The issue has been consistent, and city leaders say it can get worse in the spring and summer, with move-outs and evictions.

Wednesday afternoon, a large pile of furniture and garbage sat in an alleyway between N. 29th and N. 30th street in Washington Park.

It's not an uncommon sight in several Milwaukee neighborhoods, and the city wants residents to stay vigilant.

"Furniture dumping is common, construction goods are common, piles of tires are common," said Adrian Spencer, Director of Community Engagement with United Methodist Children's Services.

UMCS partners with the city to respond to illegal dumping in the Washington Park neighborhood.

"We focus on a section of the neighborhood each week, so basically we rotate through a month's time," Spencer said.

She finds new sites every week, and sometimes spots the perpetrators.

"We actually drove up while someone was unloading a U-Haul in an alley," Spencer said.

Spencer joined Milwaukee's Department of Neighborhood Services on Wednesday for a seminar about illegal dumping.

The city is relying on camera footage and community help to catch illegal dumpers.

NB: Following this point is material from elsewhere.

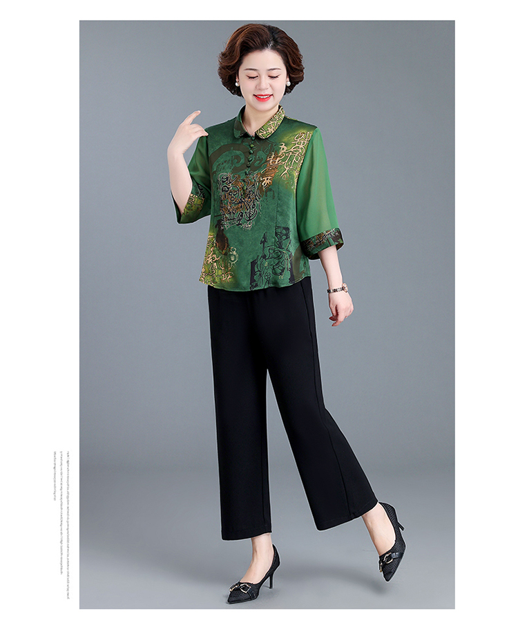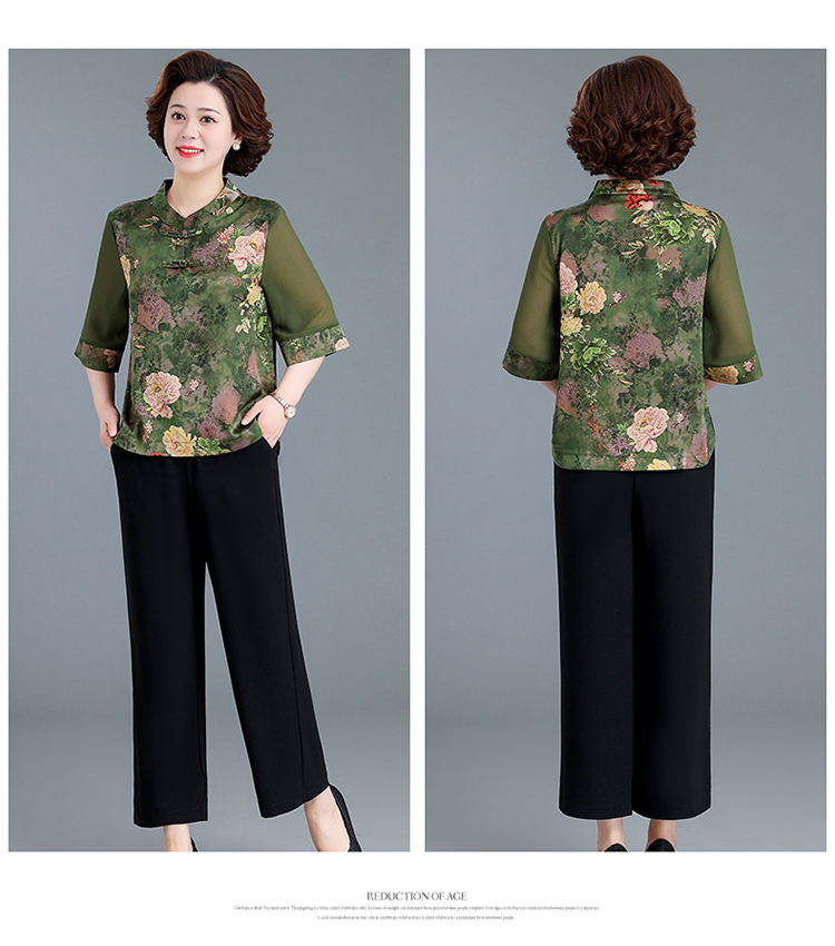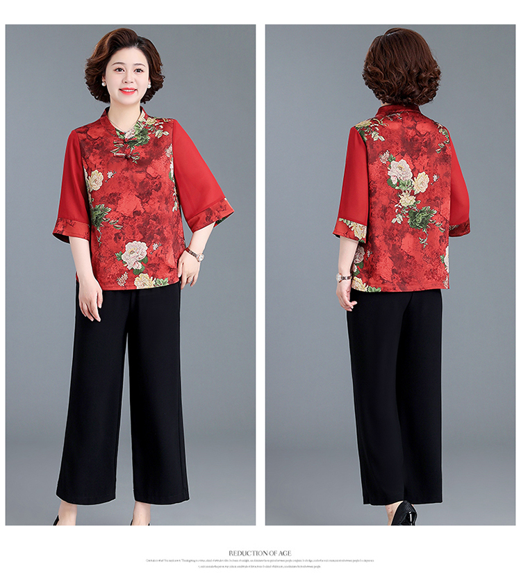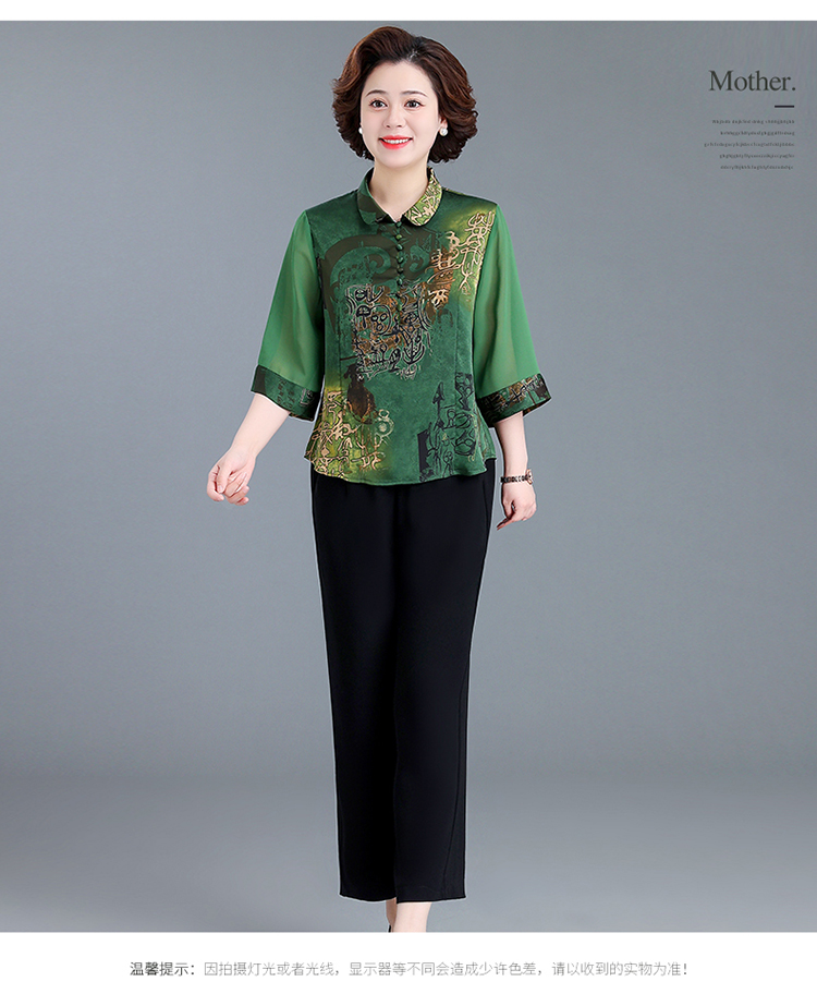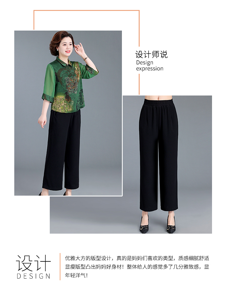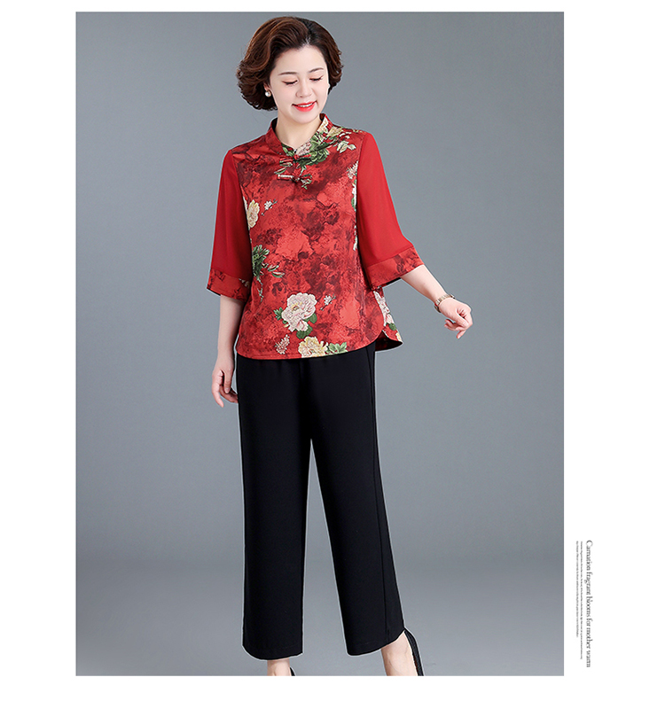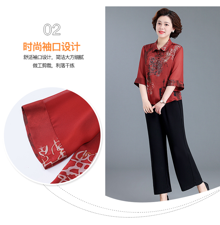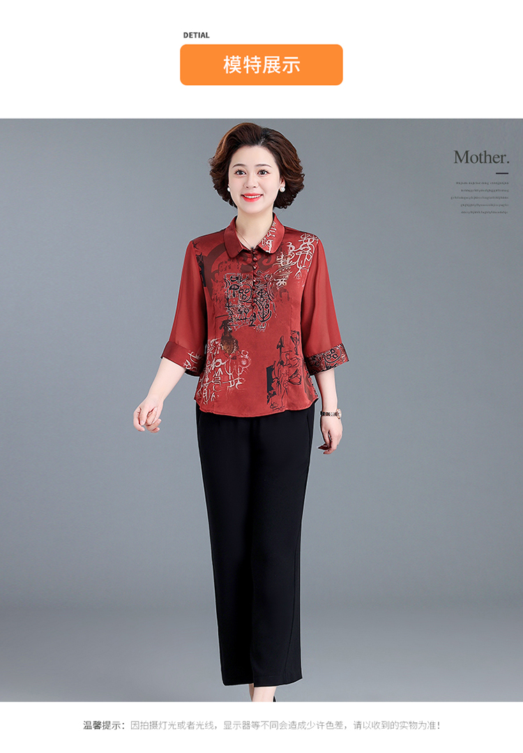Middle-Aged Mother's Summer Clothing, Three-Quarter Sleeve Top, Stylish Grandma Outfit, Spring and Autumn Plus Size Middle-Aged and Elderly Women's Two-Piece Suit

They're asking residents to report any dumping through their website or the Milwaukee mobile action app.

If a report leads to a conviction, the reporter could receive a reward.

"When they think that a space is unattended or nobody cares or nobody's reporting it, then they continue to return there," Spencer said.

It typically takes the city two to four weeks to clear a dumping site after a report.

"Sometimes their delay's a little longer than I like, but they get to it," said Milwaukee resident, Sonny Perry.

Perry has reported dumping in her neighborhood several times.

"This most recent one that really had me over the edge, is they just dumped it flat out into the middle of the alleyway," Perry said.

She hopes to see more of her neighbors take the responsibility to report dumping.

"Just more awareness. People being invested. Even if you're not the property owner, you still have to live there," Perry said.

If you see illegal dumping in progress, the city says not to confront or chase the person.

Instead, make sure to take note of the vehicle description, item and time and place.